Lynn M. Quast, R.N., has firsthand experience with colorectal surgery, both as a nurse and as a patient. Almost three years ago, she developed diverticulitis, a painful inflammation of the colon that, if left untreated, can cause serious damage.
The night before the surgery, she worried. She had seen the effects of cutting into the bowels. She knew if all went well she'd be working again in five weeks. If not, she could face a life-altering infection that might require additional surgeries.
And she knew the national average of ending up back in the hospital with a serious infection was nearly 1 in 6.
Everything went fine. Today, as surgical nurse manager at Mayo Clinic, Quast is working with her team to reduce the odds of infection. Recently, she co-authored a study that evaluated each step of the colorectal surgery process, from the patient's pre-surgical skin preparation through the complex surgery and postoperative wound dressing.
The study developed a set of protocols that, when applied consistently, reduced infections and improved patient outcomes.
One key new step is called "Time Out," when the surgeon is ready to close the wound. The surgical technologist and nurse count and remove all contaminated sponges and instruments and open a sterile set. If needed, everyone puts on fresh gloves and changes gowns.

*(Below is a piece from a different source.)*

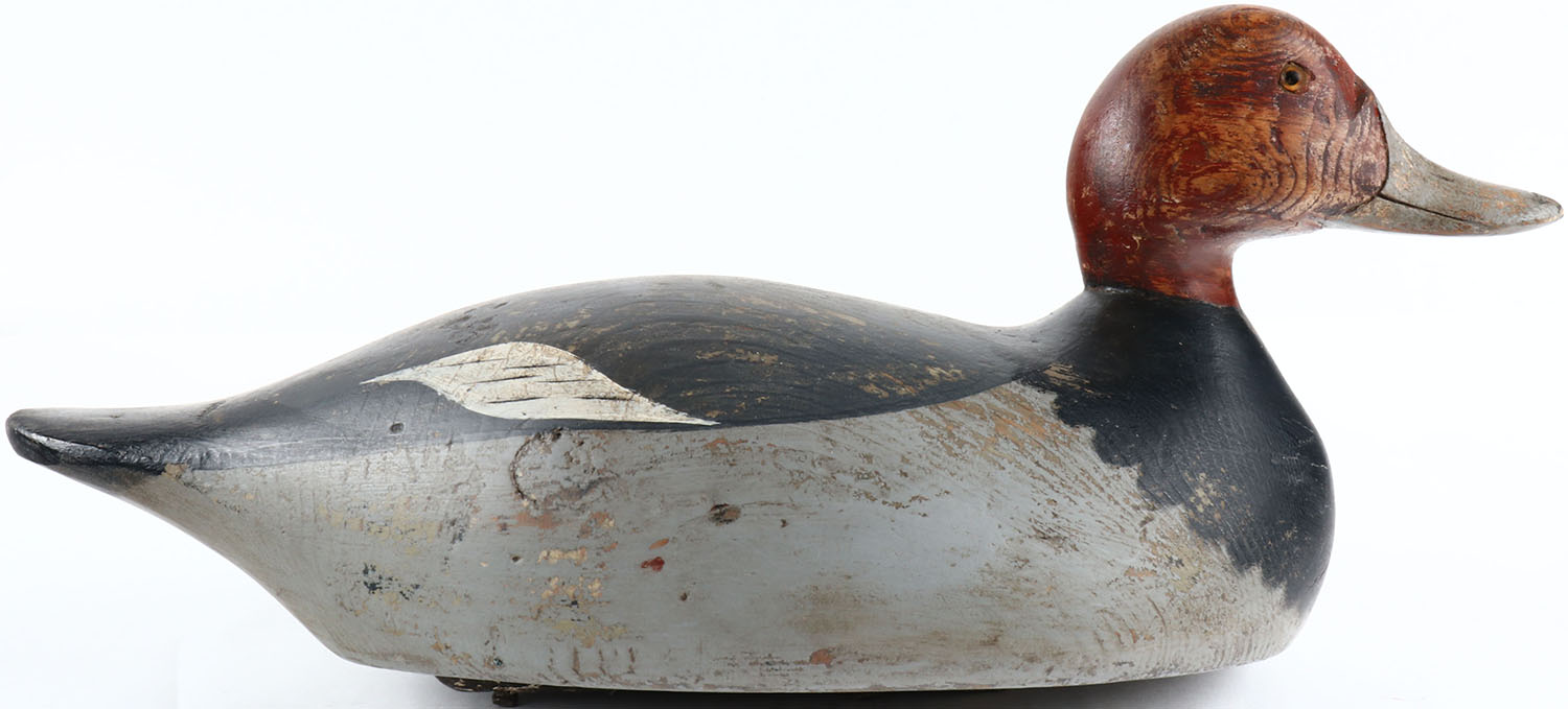 Over Sized Redhead darke by Mason Decoy Company, Detroit, MI, 1896-1924 premier grade, glass eyes, solid wood, original paint, has age crack around middle of body where the two pieces of wood come together. Grade: Very Good ++ - Value: 100 to 500

Within a year, surgical site infection rates at Mayo Clinic dropped from 9.8 to 4 percent.
The study involved seven U.S. health care systems, with Mayo Clinic surgeon Robert R. Cima, M.D., leading Mayo's participation. The collaboration estimates the project saved more than $3.7 million by preventing 135 colorectal surgical site infections.
"It's not just about cutting costs and being more efficient, though those are important considerations," Quast says. "It's about the patient not having to go through the added risk, pain and cost of an infection. We have to be continuously aware and relentless."